▶ [TASK OBJECTIVE] In the copy, keep every word of the data below and none of its pictures.

▶ [GIVEN DATA]

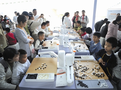 除了展示外,现场还设置了很多趣味互动项目,比如机器人射门让市民防守、宠物机器人各种卖萌撒娇、围棋机器人和小朋友对弈……让机器人走到市民身边,为市民开启了一段充满惊奇与欢乐的科技探索之旅。
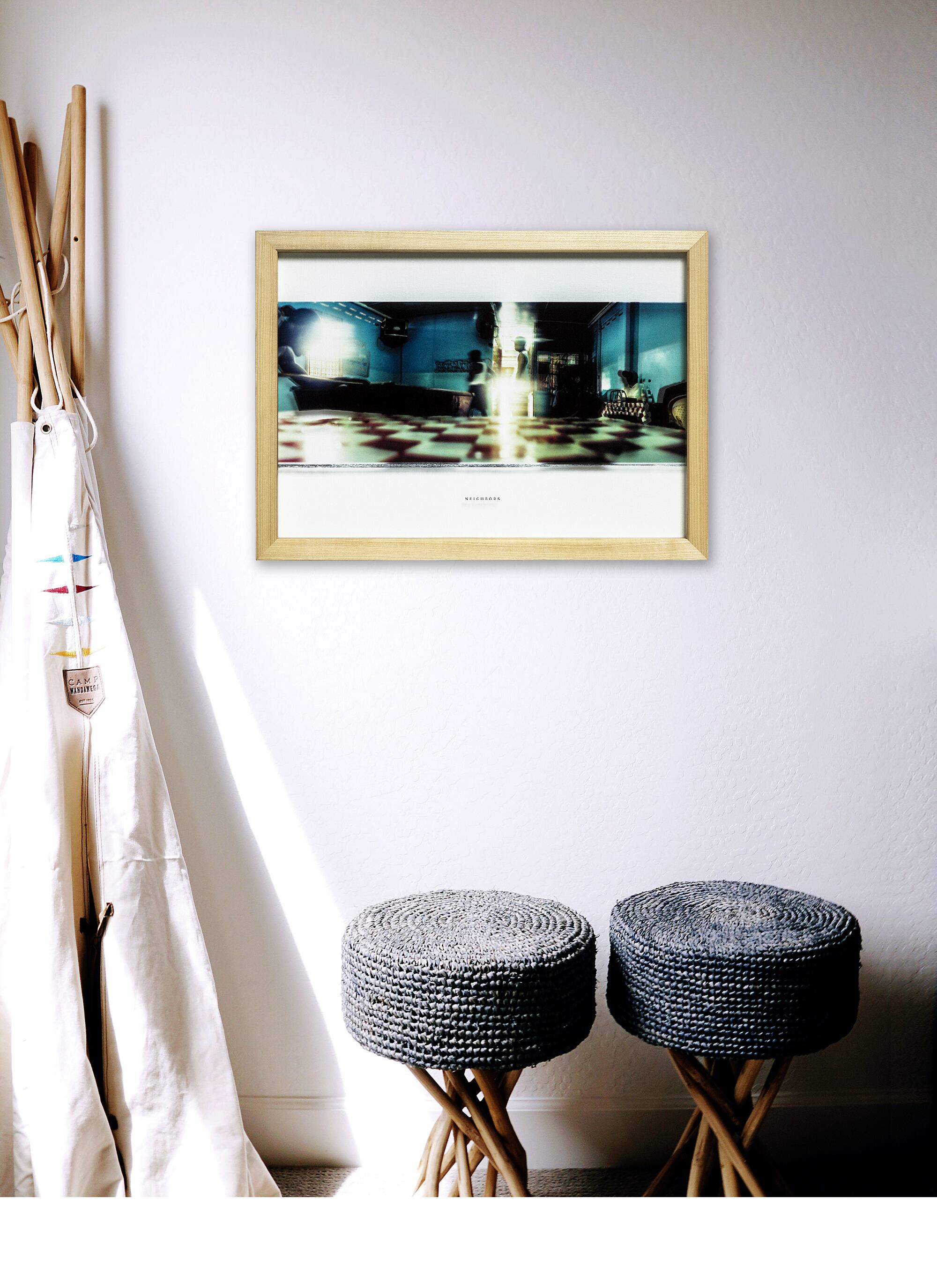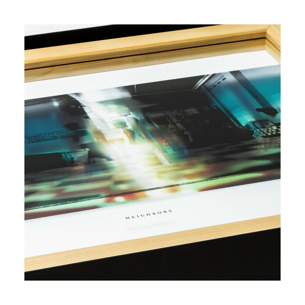 ガラスにUV印刷を施し、二層目のキャンバス生地にインクジェット印刷をすることで、平面の中にも奥行きや質感を感じる作品になります。
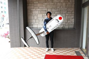 今年開催されるパリ五輪から正式種目となる「カイトボード」での出場を目指す岩城拓海さん(28)が22日、宮古毎日新聞社を訪れ、活動資金への協力を呼び掛けた。岩城さんは4月中旬から下旬にかけて予定されているフランスでの国枠獲得選考レースに出場するため現在、トレーニングに励んでいる。
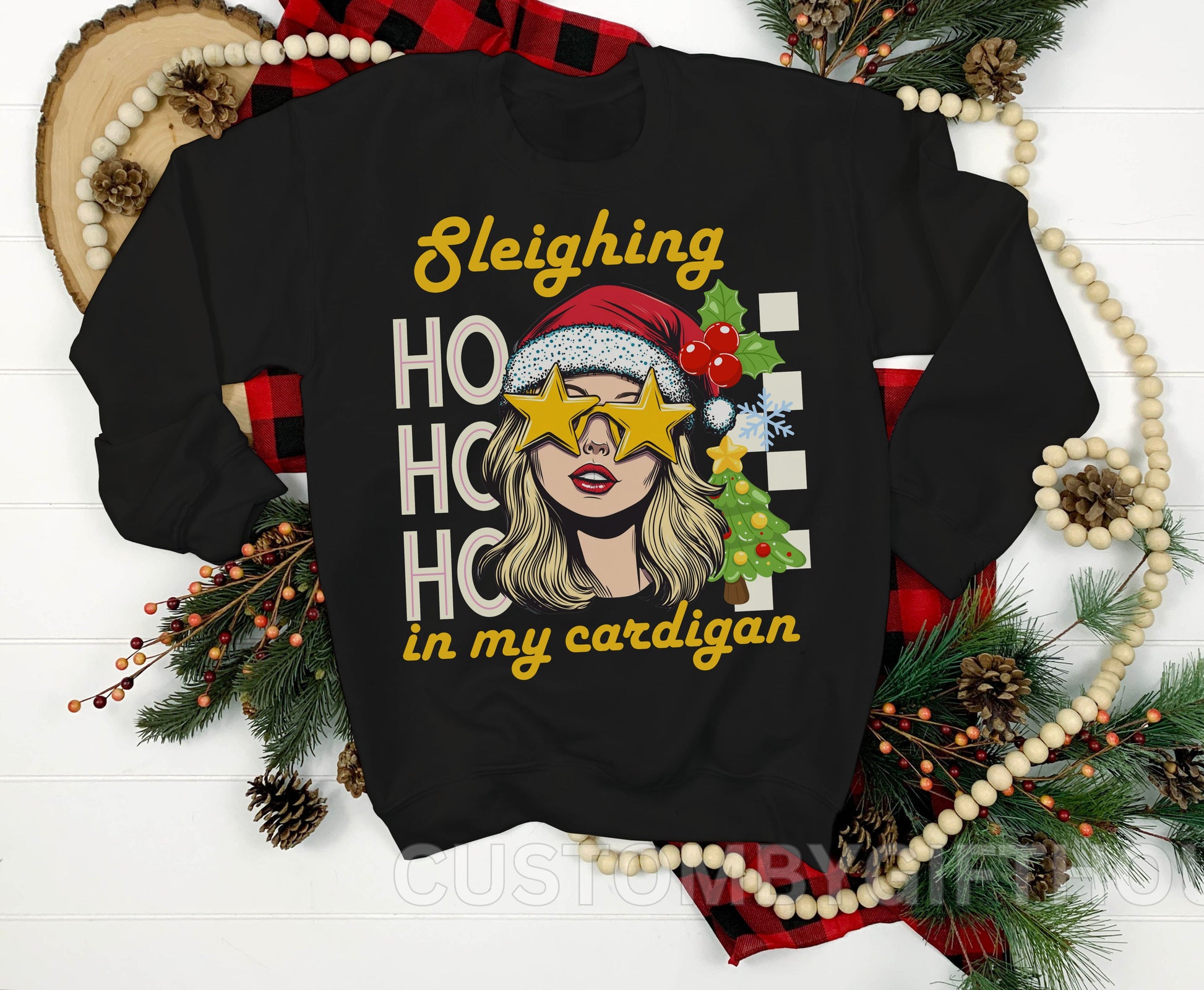 Sleighing in My Cardigan Unisex Christmas Tee Sweatshirt

▶ [RESPONSE BELOW]
 除了展示外,现场还设置了很多趣味互动项目,比如机器人射门让市民防守、宠物机器人各种卖萌撒娇、围棋机器人和小朋友对弈……让机器人走到市民身边,为市民开启了一段充满惊奇与欢乐的科技探索之旅。
 ガラスにUV印刷を施し、二層目のキャンバス生地にインクジェット印刷をすることで、平面の中にも奥行きや質感を感じる作品になります。
 今年開催されるパリ五輪から正式種目となる「カイトボード」での出場を目指す岩城拓海さん(28)が22日、宮古毎日新聞社を訪れ、活動資金への協力を呼び掛けた。岩城さんは4月中旬から下旬にかけて予定されているフランスでの国枠獲得選考レースに出場するため現在、トレーニングに励んでいる。
 Sleighing in My Cardigan Unisex Christmas Tee Sweatshirt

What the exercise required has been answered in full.